O presidente do Senado e do Congresso Nacional, Davi Alcolumbre (União-AP), inaugurou nesta terça-feira (3) a exposição “Eles nos deram esperança de novo – gravidez e nascimento no subcampo Kaugering 1' Dachau”. A mostra apresenta a história de sete bebês que nasceram no campo de concentração alemão e conseguiram sobreviver.

"Essa exposição reflete o compromisso do Congresso Nacional com a preservação da memória e com a luta incessante contra o antissemitismo, que ela alcance os corações e as mentes de todos e todas que a visitarem", destacou Alcolumbre durante o evento.

Ao enfatizar a importância de recordar a história, o presidente mencionou ser o primeiro judeu a presidir o Congresso Nacional. "Tentaram nos apagar da história, não conseguiram. A esperança, mais uma vez, mostrou-se mais forte do que o ódio. A exposição que hoje inauguramos é um testemunho desta força", afirmou.

A cerimônia contou com a presença de George Legmann, sobrevivente do Holocausto e uma das sete crianças nascidas no campo de concentração de Dachau, no sul da Alemanha, em 1944.

"Estou aqui hoje como um sobrevivente, mas acima de tudo como um testemunho vivo de um ato de resistência que desafiou a lógica da morte", declarou em seu discurso.
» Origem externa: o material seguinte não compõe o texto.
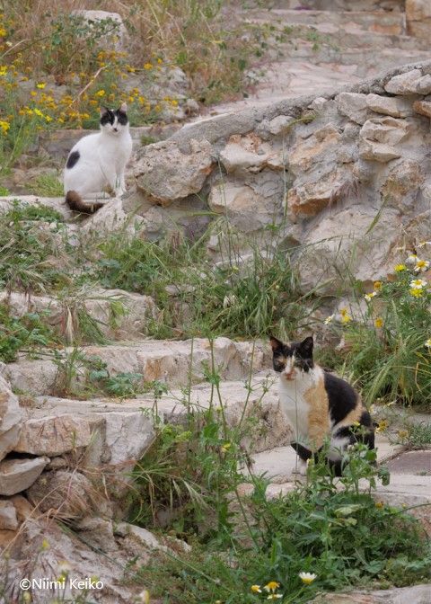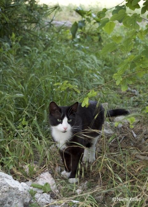 階段を上った先は原っぱで、低い木の影で休んでいた猫が振り向きました。広く平らな場所なので、以前は大きな屋敷があったのかもしれません。

A mostra está em exibição no Salão Negro do Congresso Nacional e permanecerá aberta para visitação até 30 de março deste ano. Produzida pelo governo alemão, a exposição retrata a história dos bebês sobreviventes por meio de documentos, registros históricos e relatos.
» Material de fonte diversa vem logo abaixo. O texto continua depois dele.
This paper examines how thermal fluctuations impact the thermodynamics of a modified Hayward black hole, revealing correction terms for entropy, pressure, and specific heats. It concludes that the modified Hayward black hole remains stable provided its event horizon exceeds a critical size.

George Legmann, de 81 anos, idealizador da iniciativa, vive no Brasil desde 1961. Nascido em 8 de dezembro de 1944, ele é o mais velho dos sete bebês. Ao mencionar discursos que relativizam a barbárie e atacam instituições, Legmann alertou que “quando o respeito entre os povos e a ética social são deixados de lado, a história se repete”.

“O Brasil é minha pátria. Fomos recebidos de braços abertos por uma nação que acredita no acolhimento. É por amar esse país que deixo um alerta aos parlamentares: a democracia é a única ferramenta de prevenção. O que aconteceu em diversos campos de concentração, como Auschwitz e Dachau, não foi um surto animal, mas uma construção política de desumanização”, afirmou.

O evento também contou com a presença de senadores e representantes de embaixadas. O senador Carlos Viana (Podemos-MG), presidente do Grupo Parlamentar Brasil-Israel, defendeu que o Legislativo deve permanecer "vigilante" contra ameaças à liberdade.

"Nós do Parlamento brasileiro temos que ser vigilantes a todo momento, em qualquer instante em que surjam movimentos que queiram acabar com a liberdade religiosa ou mudar uma história, como a história do povo judeu", concluiu o senador.